やめろ、唐突にギャルディスタンスを作り出すな。
世の童貞を確キルしてきた技をナチュラルに使うな。
......と、言いたいところだが、その言葉で下手に生野との関係がこじれるのは不味い。冷静に聞き返そう。
「聞いていた話?」
「うん、りーちゃんはよくかーちゃんに弄られたり、バカにするように笑われたりするって聞いてたから。もっと意地汚い奴なのかと」
あいつ、裏で随分と言ってくれるじゃん?
「でさ、その言葉遣いとか妙に明るい声色とかってもしかすると“営業用”でしょ? もっと自然体の方を見せてよ」
琴乃が笑ってそう告げてくる。
こいつら、俺が演技してるのわかってんのか?
それは今の俺よりも生野の言葉を信じてるってことか。
なら、下手に隠すよりも明るみにした方がいいな。
「ふぅ......で、何? 俺に何か吹っ掛けるつもりか?」
「へぇ、そっちが素か~。案外嫌いじゃない」
「その死んだ目のような感じでさらに目つきの悪さ......意外とストライク」
「お世辞どーも。で、本題は?」
光輝達との距離は上手く作れたな。
これなら生野にこいつらの存在を気付かれることはない。
姫島と雪は......あいつら、少しは運動しろ。もう姿すら見えん。
俺の訝しむ目に凜とした男らしさを感じる琴乃が相変わらず笑顔で答える。
「別に何もしないさ。むしろ、何かした後の方が仕返しが怖いからね」
「私達はかーちゃんが『提供屋』って呼ばれてることを知ってる。
そして、そのコネで情報操作されたら私達はすぐにアウトってなることも」
「なら、結局何の用なんだ? 生野のことなら確かに面白い反応するから弄っちゃいるが、別にイジメるような何かはしてないぞ?」
「ああ、そこら辺は何も心配してない。
りっちゃんがかっちゃんの事話す時随分と楽しそうな顔をするから。
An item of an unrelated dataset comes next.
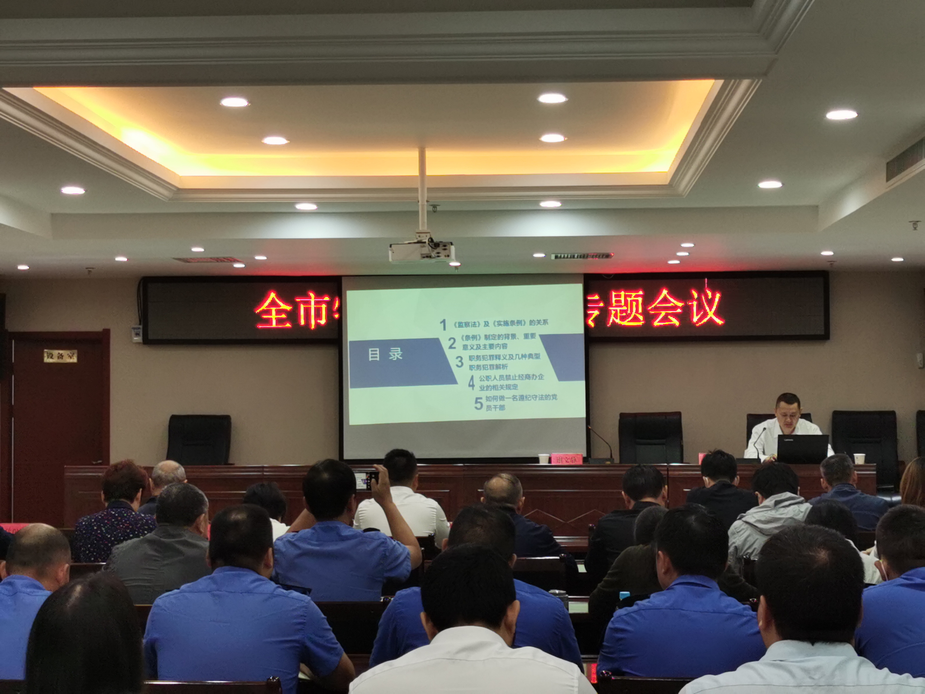 (通訊員:韓雪瑩、胡瑞文)9月28日上午,點(diǎn)軍區(qū)紀(jì)委常委、區(qū)監(jiān)委委員文生權(quán)受邀到住建環(huán)保系統(tǒng)開(kāi)展紀(jì)法宣講。 宣講以《學(xué)習(xí)貫徹<監(jiān)察法實(shí)施條例>繃緊廉潔自律之弦》為題,從《監(jiān)察法》及實(shí)施條例的關(guān)系,《條例》制定的背景、重要意義及主要內(nèi)容,職務(wù)犯罪釋義及幾種典型職務(wù)犯罪解析,公職人員禁止經(jīng)商辦企業(yè)的相關(guān)規(guī)定,如何做一名遵紀(jì)守法的黨員干部五個(gè)方面進(jìn)行講解,以案說(shuō)紀(jì),進(jìn)一步教育廣大黨員干...
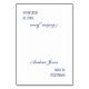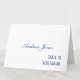 This place card is easy to personalise online using the online personalisation template before ordering, to show the name of a guest, the number of the table that they will be sitting at and also their choice of meal. The printed place card will arrive flat and so will need folding in half before use. The size before folding is approximately 5" height by 3.5" width, intended to be folded so approximately 2.5" by 3.5" after folding. Once folded as intended, the guest name and table number and meal choice will show on both of the outer sides (so as to be visible from both sides of a table). The place card features dark blue text on an elegant white background. A neatly-personalised place card for a stylish wedding or other special occasion.

『同志が~』ってさ」
「ん? だったら結局何が言いたいんだ?
お前らは生野のことを心配して様子を聞きに来たってところか?」
どういうことだ? イマイチこいつらの話の内容が読めてこない。
俺の質問に姪は「それも理由の一つなんだけど......」と上ジャージの袖で萌え袖しながら、顎に当ててあざとく何かを考えると告げてくる。
「かーちゃんは好きな人いる?」
「......は?」
「姪ちゃん!? それは直球すぎない?」
姪の発言に琴乃が慌ててる。
しかし、琴乃の発言は姪の発言に対して否定するような感じはない。
つまりはこの二人は俺の何かを探ろうとして近づいてきている。
ギャル故の距離感の詰め方が仇となったみたいだな。
しかし、その目的がイマイチ読めない以上はあえてその話に乗るのも悪くない。
さあ、暴いて見せようお前らの目的を。
「いねぇよ」
「ホッ、そっかそっか。嘘じゃないよね?」
「嘘ついてどうすんだ」
「まぁ、嘘つくメリットは特になさそうだしね。
でもさ、好意を寄せらている相手はいるんでしょ?」
生野、てめえ......! 余計なことをベラベラと!
お前まさか、俺のやってること光輝達に伝えてないだろうな?
伝えてたらいくら同志のお前であろうと処罰するぞ!
「......生野からの情報か?」
「いや、別に」
「は?」
「今、りっちゃんがベラベラ話したと思って諦めて白状したでしょ? でも、実際は言ってないから」
「どう? こーちゃん、こういうの上手いんだよ?」
「......ほう、やってくれるじゃねぇか」
まさか生野にこんなことが出来る参謀的役割のギャルがいるなんてな。
いや、なんだよ参謀的役割のギャルて。
ともかく、生野疑ってすまん!
「で、それを聞くということは少なからずそちら側にメリットがあるからなんだよな?」
「メリットね......まぁ、なくはないと。親友だし」
「親友......親友か、そうかそうか。
お前ら生野を光輝以外の彼女にしようとしているだろ」
「「......っ!」」
おうおう、琴乃は未だしも姪の奴は細めが思いっきり開かれてやんの。
つまり核心を突いて思わず動揺したってことだ。
「それはさすがに違うよ」
まぁ、琴乃はそう返してくるだろう。
なら、さっきのお返しをしてやるよ。
「まぁ、否定するのは結構。
でもな、生野から話を聞いてるならわかるはずだ。
俺がいつでも生野と連絡できるようにそういったツールを仕込んでることを」
「......っ! そうだよ、その通り」
「なるほど、そうなのか」
「え? 気づいたから言ったんじゃ......はっ!」
「自分でやった同じ手口で引っかかっちゃざまぁないぜ、琴乃さん?」
「ふふっ、やっぱり嫌いじゃないね」
「......? あ、そういうこと」
まあ、俺のやったことは琴乃のやったことをそっくりそのままお返ししてやっただけだ。
琴乃は俺が提供屋であることを知ってて、生野に協力してるとわかっているから俺の言葉を信じた。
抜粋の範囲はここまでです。